Sergei Diaghilev (1872 – 1929) is the founder of the Ballets Russes and one of the most influential art patrons of the 20th century. This article dives into his life, and aims at understanding the complex relationship of the Ballets Russes with the politics of Russia through the path of the one that embodies the company: its impresario Diaghilev.

1872 – An artistic childhood

Diaghilev was born in 1872 in a wealthy family of industrial in Russia. He was surrounded by art from a young age, as his parents’ house regularly hosting concerts and spectacles. He was also encouraged to practice arts and did so by studying musical composition.

1896 – The finding of a professional vocation

Having graduated in law in 1896, Diaghilev will was not to become a lawyer but to follow a musical carrier. However, this dream will not last long, as his musical composition professor Rimsky Korsakov quickly told Diaghilev he did not have the talent to become a musician… Not an art creator himself, Diaghilev found his true vocation: being a patron of arts. As he once said about himself, “[he does] nothing, but [he is] indispensable”.

1899 to 1904 – The World of Art

With a group of friends, Diaghilev founded the Russian Art Magazine “Mir iskusst va” (“World of Art”), of which he was the editor in chief. This magazine, of avant-garde influence, will have a modernizing effect on Russian arts. It is the start of Diaghilev’s impact on arts.

1899 to 1901 – First production experiences

Diaghilev, known for his magazine, quickly gets a position in the Russian artistic world as he becomes responsible for the production of the Annual of the Imperial Theatres. What is interesting here regarding the political is that Diaghilev started his carrier by working for the imperial tsarist regime, through their theatres. However, Diaghilev will soon be dismissed for motives that are quite predictive of his following carrier. Indeed, it is because he was too progressive, modern and innovative that he had to leave the Mariisnky Theatre. His homosexuality may also have played a role in how he was perceived by the conservative Russia of the time.

1901 to 1905 – An interest in Russian arts

After being dismissed, Diaghilev travelled all across Russia, searching for all kinds of Russian arts.
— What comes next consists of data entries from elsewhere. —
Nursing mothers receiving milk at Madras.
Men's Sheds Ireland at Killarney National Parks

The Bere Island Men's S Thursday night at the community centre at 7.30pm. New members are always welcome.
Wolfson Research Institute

In 1905, he gathered all his best findings into an historic exhibition of Russian art treasures, that he organized at the Tauride Palace in St Petersbourg.
But Diaghilev also wants the Western world to know about Russian art… In a context of political alliance between Russia and France, Diaghilev decides to travel all the way to Paris in order to present the art of his country to another population.
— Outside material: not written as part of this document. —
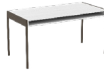
X-291 TABLE DINING-DESK 60"W X 30"D X 31"H
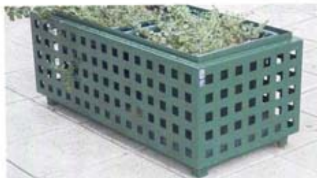
5209 Free standing

Tree guards are a practical and stylish way to protect trees from animals and vandalism. Manufactured in mild steel and then hot dipped galvanised and powder coated, the tree guards can be customised to your streetscape colour scheme. Designs to match existing street furniture or fabrication of a brand new style are also part of the service. The examples shown above are just some of the many designs

1906 to 1909 – The beginning of the carrier abroad

1906 marks the arrival of Diaghilev Russian art in France, with his Russian art exhibition at the Petit Palais in Paris. The French audience is extremely keen on that exotic, oriental Russian art. They imagined Russia to be a land of vivid splendeur and noble savagery, and they are not disappointed. Diaghilev comes back the next year with concerts devoted to the work of Russian nationalist composers, and the year after with production of Russian operas.
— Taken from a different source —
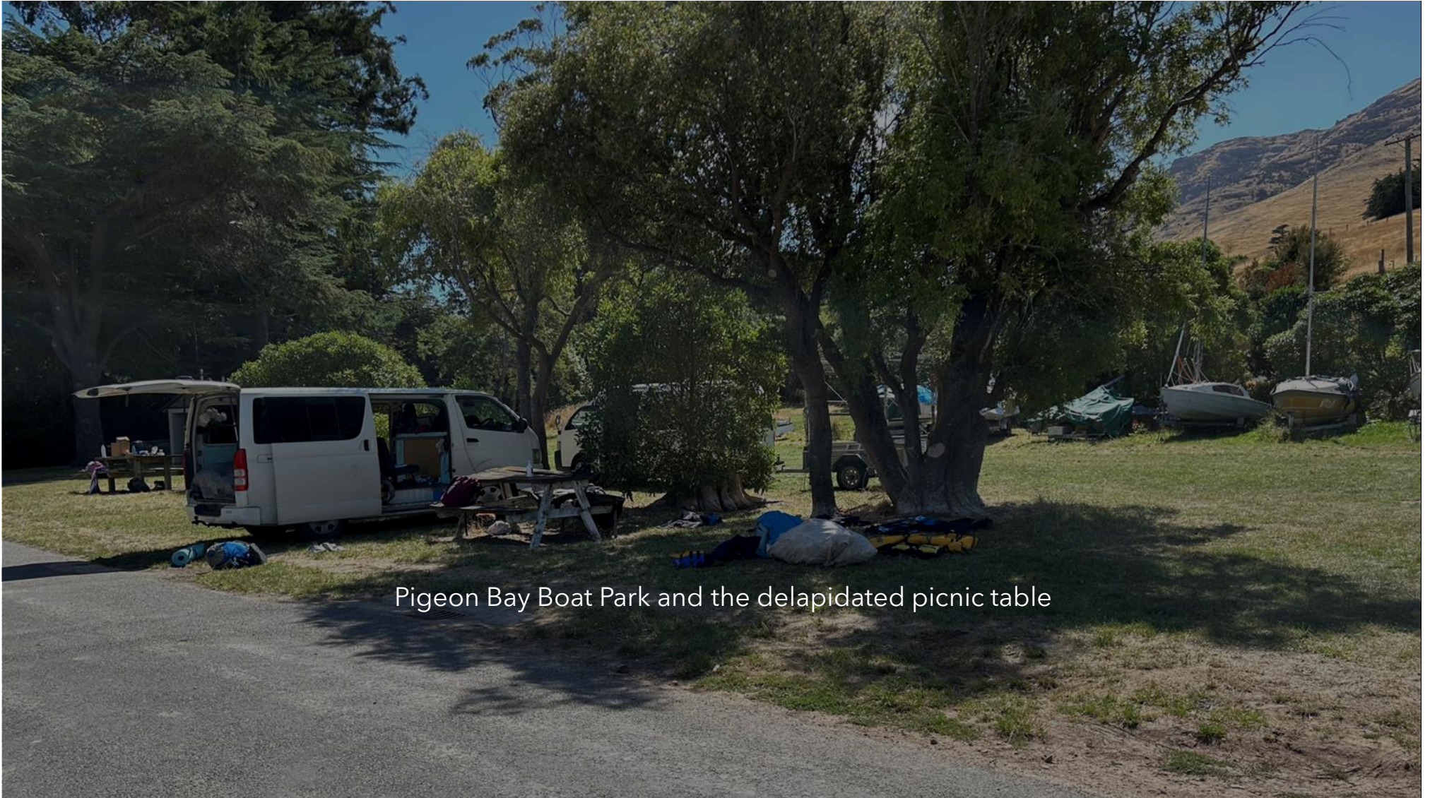
Pigeon Bay Boat Park and the delapidated picnic table

1909 to 1929 – The Ballets Russes

In 1909, it is with a whole team of Russian ballet dancers from the Mariinski Theater that Diaghilev comes back in Paris. It is the first season of the Ballets Russes at the Théâtre du Châtelet, and it is a huge success. The public is particularly impressed by Vaslav Nijinski, the virtuose young dancer. For more precisions, see our article on the Ballets Russes.

The 20 years following years of Diaghilev’s life are marked by the seasons of the Ballets Russes, his impressive discoveries of new talents and their creation of masterpieces. But they are also marked by Diaghilev’s fights for the survival of the company, between everlasting economic distress and tough departures (Nijinski, Massine).

1929 – Death and legacy

Sergei Diaghilev was known for being an impressive man, pacific and kind but ferocious and passionate when it came to his company. His impact on the world of arts lasted long before his death in Venise in 1929, as he stimulated a revolution in the ballets, music and every art that he approached. According to Rhonda K. Garelick, Coco Chanel is said to have stated that “Diaghilev invented Russia for foreigners.

However, the Russian art historians will not mention him for more than half a century. The independent, progressive aspect of the character as well as his aristocratic origins (White Russian) and homosexuality did not match the Russian regime’s ideology. Diaghilev is thus not as famous a figure in Russia as he is in the Western world, which is quite paradoxical.